W3C home > Mailing lists > Public > xmlschema-dev@w3.org > October 2001

Re: Is <pattern value="(.)+\.(gif|jpg|jpeg|bmp)"/> allowed?

From: Stanley Guan <Stanley.Guan@oracle.com>
Date: Wed, 17 Oct 2001 15:11:06 -0700
Message-ID: <3BCE01FA.EB72429D@oracle.com>
To: Ross Thompson <rthompson@contivo.com>
CC: xmlschema-dev@w3.org
Ross,

So, you're saying that
  given a <pattern value=".+\.(gif|jpg|jpeg|bmp)"/>
  and a string to be validated such as "foo.bmp"
The matcher should do something like this:
      Use the first pattern piece (i.e., ".+") in the matching
      and because it matches up the whole string "foo.bmp"
      and there are other pattern pieces remain unused.
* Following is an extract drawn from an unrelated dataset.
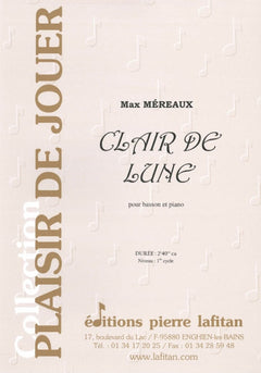 Le fichier PDF de l'oeuvre "Clair de lune", pour basson et piano, comprend : 1 page de garde, le conducteur basson-piano (3 pages) et la partie de basson (1 page). Soit 5 pages au total. Le poids du fichier PDF est : 102 Ko.

So,
      the first matching try was not successful.  The matcher
      will then try to back up one code point (i.e., move "p"
      back for further matching)

      "p" doesn't match the pattern piece (".").
      So, the matcher back up one more code point (i.e, move
     "m" back for further matching) and so on.

      Not until the matcher move ".bmp" back for further
      matching, will the matcher find a good match using
      the WHOLE pattern. Namely,
          "foo"  matched by ".+",
          "." matched by "\.", and
          "bmp" matched by "(gif|jpg|jpeg|bmp)".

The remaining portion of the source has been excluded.